This AI Helps Detect Wildlife Health Issues in Real Time
During the spring, a troublesome pattern plays out as marine birds along the California coast die from domoic acid poisoning, which is caused by harmful algal blooms. An early clue indicates when and where this problem starts spreading: rescued California brown pelicans, red-throated loons, and other species start turning up at wildlife rehabilitation centers with signs of neurological disease. Yet, though they pepper the state map, these centers are not interconnected enough to nip the issue in the bud. When staffers at one center diagnose a sick bird, others another 40 miles up the road might not be privy to that information.
So researchers at UC Davis recently tested an early detection system that uses artificial intelligence to classify admissions to rehabilitation centers, in the hope of sending wildlife agencies and researchers warnings about growing problems among marine birds and many other kinds of animals. Their system scans intake reports produced at 30 California centers, listing information like the animal’s species, age, reason for admission, and diagnosis. Then the AI uses natural language processing to categorize the reports, looking for patterns in the number of admissions related to certain illnesses and injuries.

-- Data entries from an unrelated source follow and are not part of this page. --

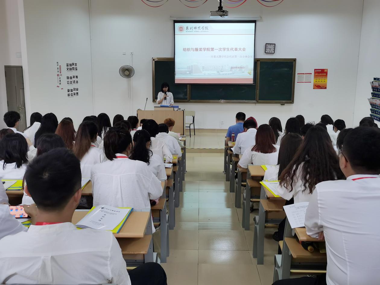 6月6日上午,开云kaiyun官网纺织与服装学院第一次学生代表大会在荣助212召开,院党委书记张玉武、学工办主任聂莹、辅导员程钟洛和陈灿辉、校学生会主席团代表刘棣劼、院学生会主席团成员以及60名学生代表参加此次会议。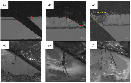 Assessment of damage to the thermal barrier coating on the microhole. (a) The macroscopic morphology of the cross-section of the microhole. A is the obtuse side, and B is the sharp angle site; (b) the morphology of the obtuse position; (c) the morphology of the sharp angle position; (d) the magnified image of region C; (e) the magnified image of region D; (f) the magnified image of region E.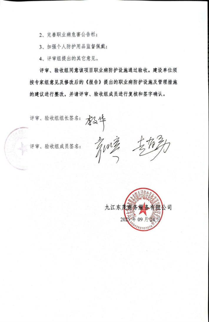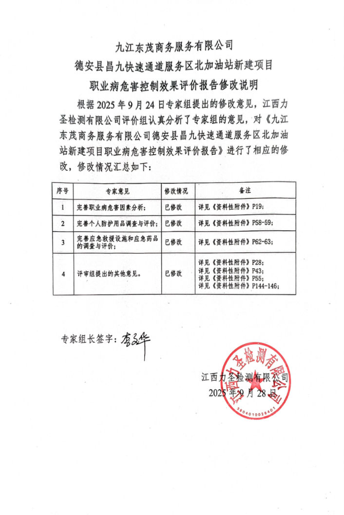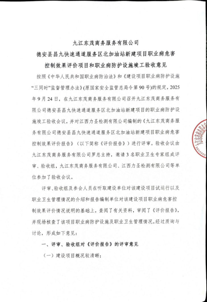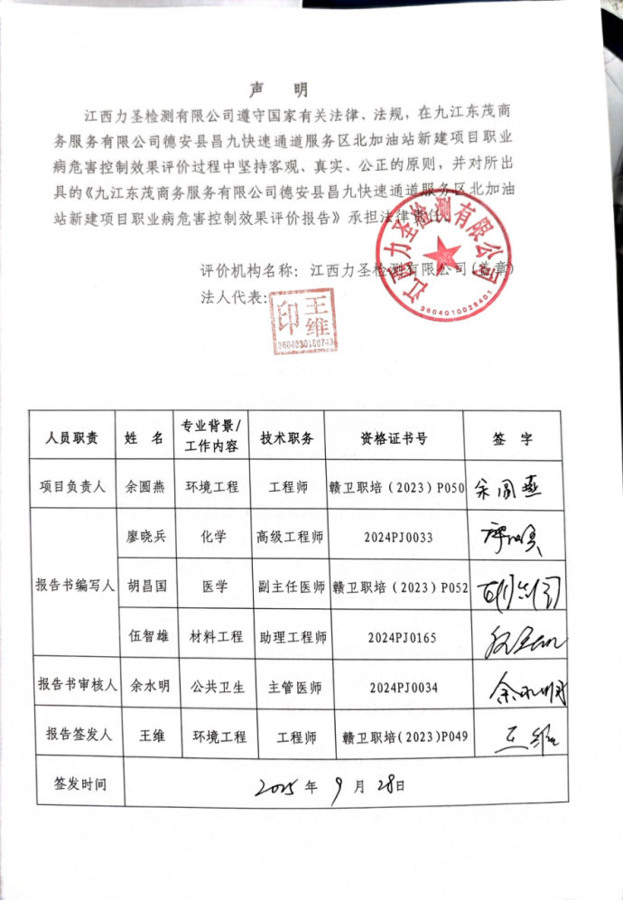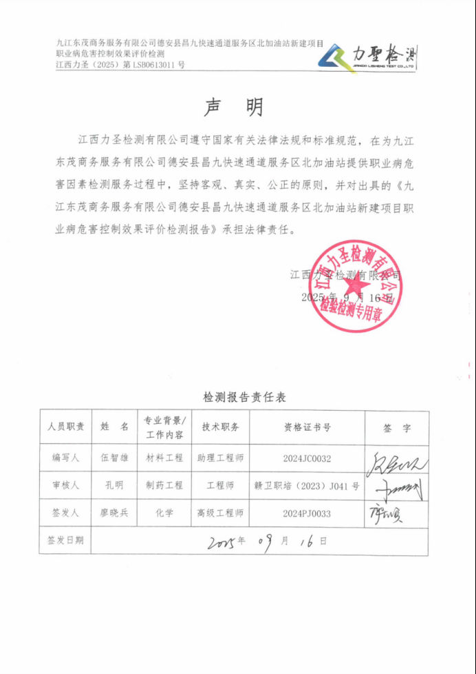 九江东茂商务服务有限公司德安县昌九快速通道服务区北加油站新建项目职业病危害控制效果评价检测报告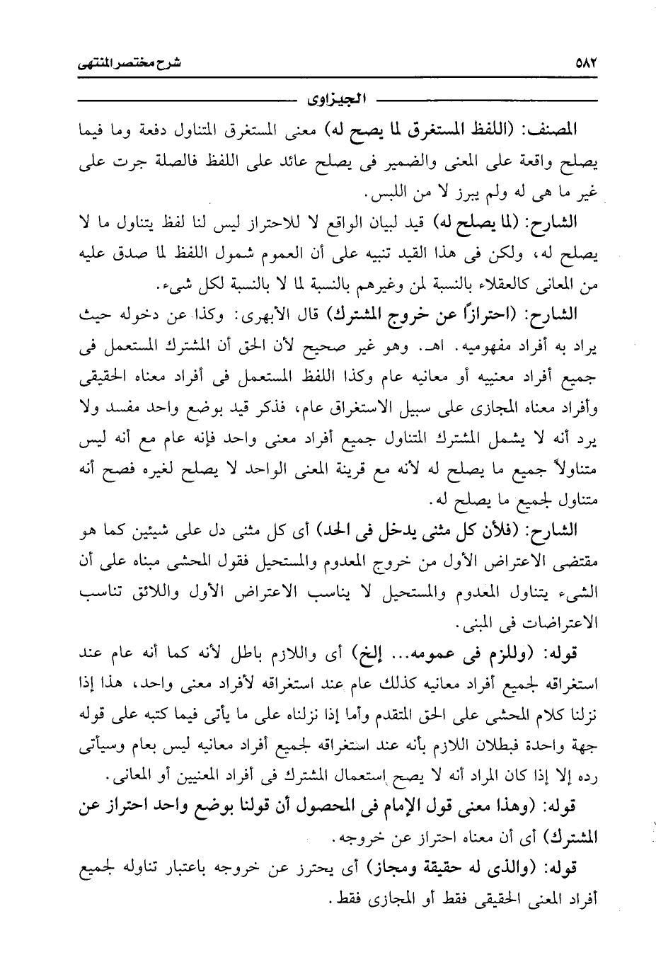 الشارح: (احترازًا عن خروج المشترك) قال الأبهرى: وكذا عن دخوله حيث يراد به أفراد مفهوميه. اهـ. وهو غير صحيح لأن الحق أن المشترك المستعمل فى جميع أفراد معنييه أو معانيه عام وكذا اللفظ المستعمل فى أفراد معناه الحقيقى وأفراد معناه المجازى على سبيل الاستغراق عام، فذكر قيد بوضع واحد مفسد ولا يرد أنه لا يشمل المشترك المتناول جميع أفراد معنى واحد فإنه عام مع أنه ليس متناولًا جميع ما يصلح له لأنه مع قرينة المعنى الواحد لا يصلح لغيره فصح أنه متناول لجميع ما يصلح له.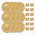 Tanlade Juego de 72 Piezas de Platos Base Navideños a Granel, 24 Piezas de Platos de Corona Floral de 13'', Servilleteros y Servilletas de Tela,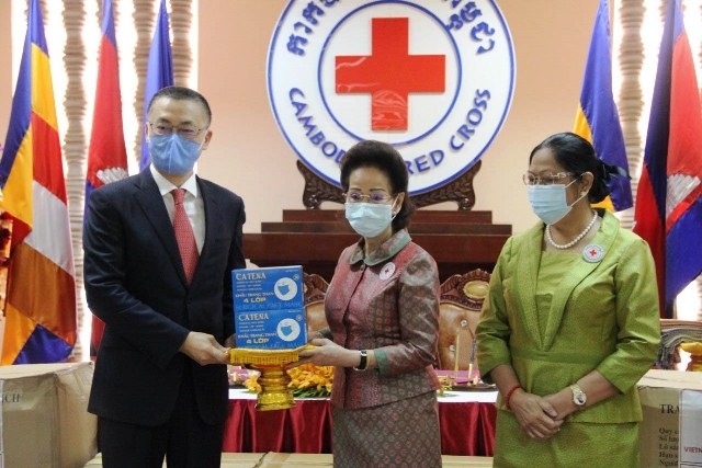 Tại đây, Đại sứ đặc mệnh toàn quyền nước CHXHCN Việt Nam tại Vương quốc Campuchia Vũ Quang Minh, đại diện Hội Chữ thập đỏ Việt Nam, đã trao quà tặng gồm 60 nghìn khẩu trang y tế và 300 bộ quần áo bảo hộ y tế cho đại diện Hội Chữ thập đỏ nước bạn.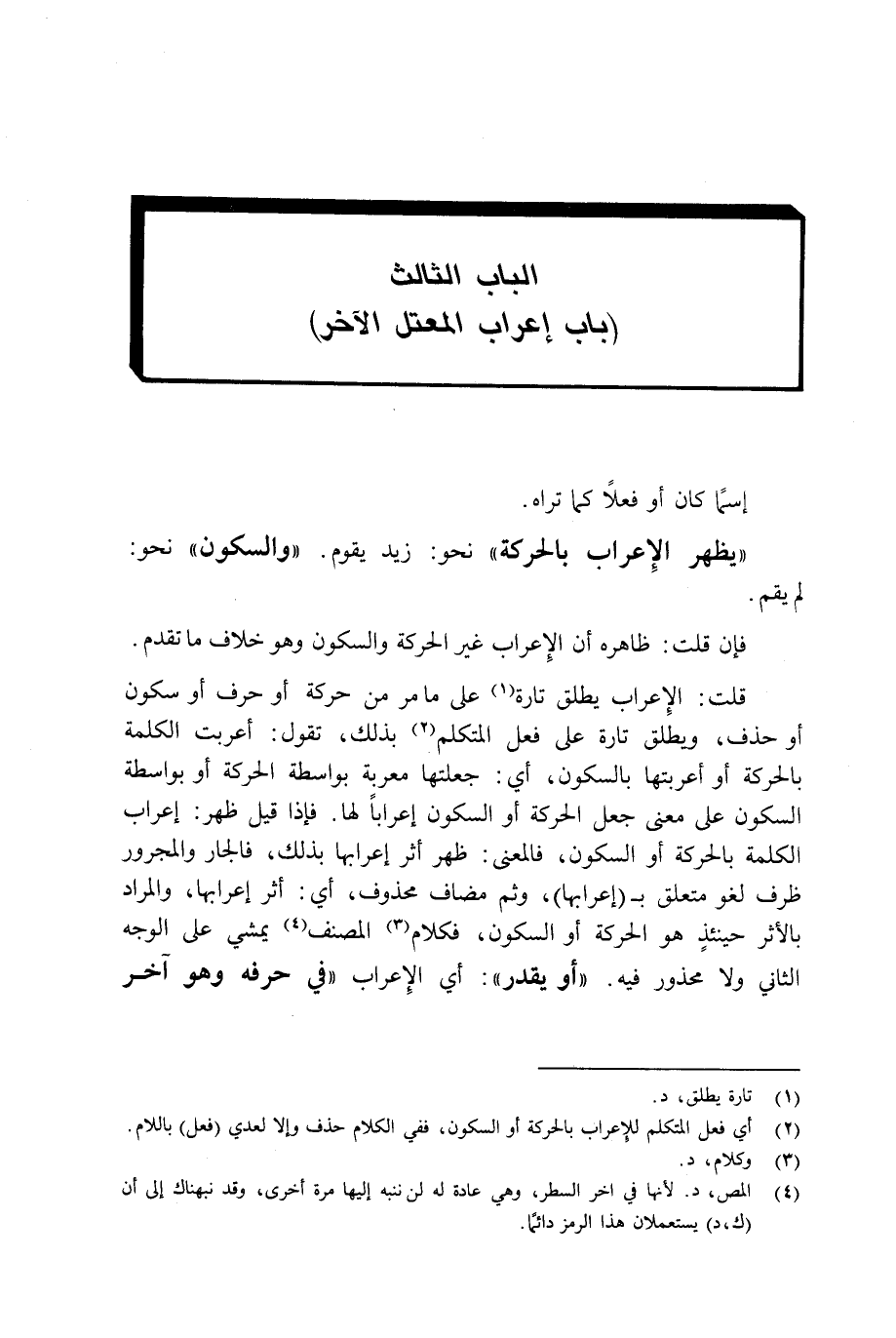 "يظهر الإعراب بالحركة" نحو: زيد يقوم. "والسكون" نحو: لم يقم.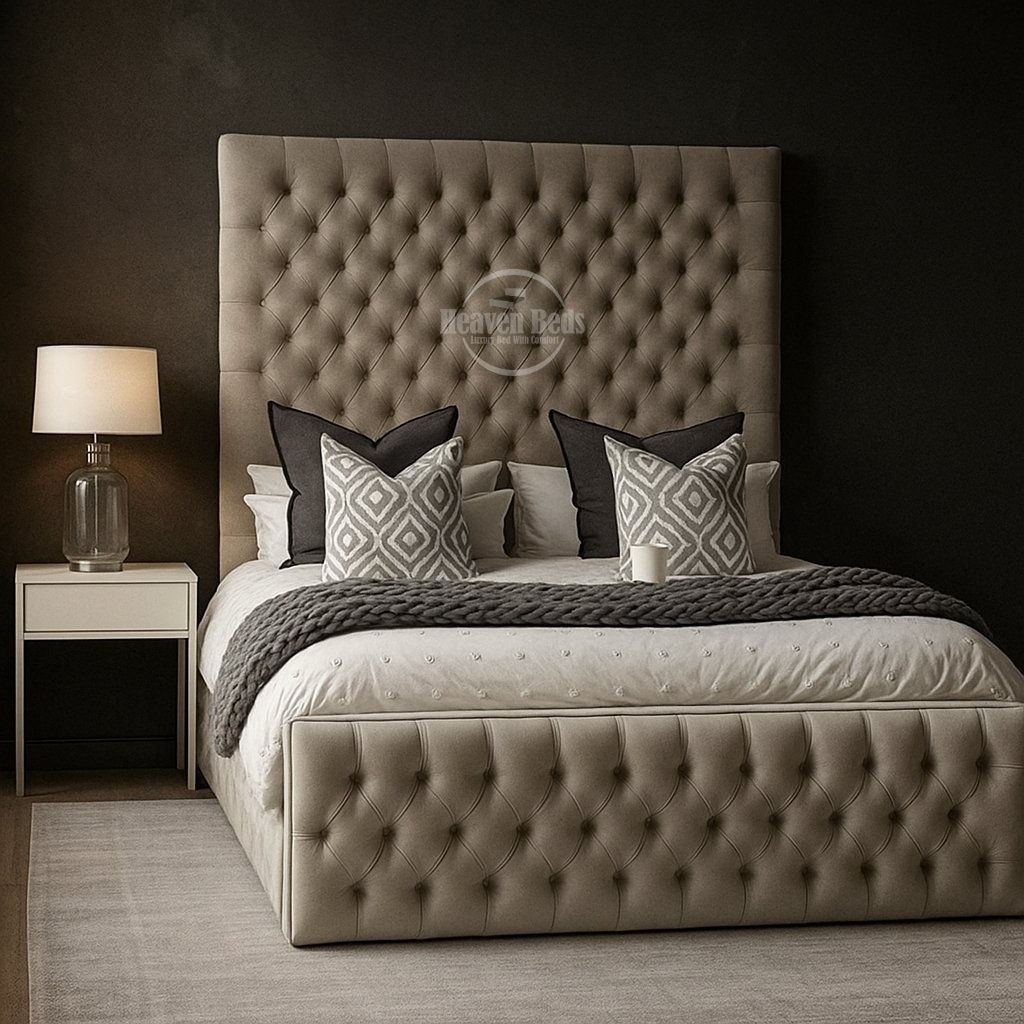 A tall tufted bed features a higher headboard with button or panel tufting. The Snooze Hub’s tall headboard adds back support and creates a clear focal point in the bedroom.

The researchers used five years of data and more than 200,000 records to establish baselines for how frequently these conditions normally occur. When the system detects an anomaly—an unusually high number of cases in a given species—it automatically creates an alert, which is delivered to wildlife experts either via the system dashboard, an email, or text message. Because the system processes rehab center admission data in just a day or two, it can produce “prediagnostic” alerts, which are faster than waiting until diagnoses have been confirmed.
In July, the team published a paper describing a test of their system in the journal Proceedings of the Royal Society. “We wanted to use the data in an aggregate form to better help rehabbers to see the bigger picture, other than what they see at their individual centers,” says Devin Dombrowski, president of the Wild Neighbors Database Project and one of the authors of the paper.
During the one-year pilot study, the system identified several patterns that indicated larger problems. An influx of marine birds with neurological symptoms like head twitching and whole body tremors triggered an alert. Upon postmortem examination, these birds, including the black and white water bird species western grebes, were found to have domoic acid poisoning. A few months before, a high rate of clinic admissions in the San Francisco Bay Area for rock pigeons showing symptoms of neurological disease triggered another alert. Further investigation established the parasite Sarcocystis calchasi as the cause.
Study coauthor Terra Kelly, a veterinarian and epidemiologist at UC Davis, compares the system to syndromic surveillance for people, which uses electronic health records to monitor public health concerns, such as flu outbreaks, opioid overdoses, and the spread of Zika virus and Covid-19. She points out that an animal alert system could benefit human health, too. “Wild animals can serve as an early indicator” of diseases like West Nile virus, she says. The disease, which has killed more than 2,000 people since 1999, according to the Centers for Disease Control and Prevention, is often first noticed in sick birds before it’s diagnosed in domestic animals and people.
Additionally, Kelly says, “We could detect the first animal of invasive species that presents to a center in California.” For example, if the numbers of mourning doves admitted to wildlife centers suddenly changed, the system could create an alert that would signal to veterinarians that the Eurasian collared dove had arrived; they’re an invasive species that competes for food and can spread parasites to native doves.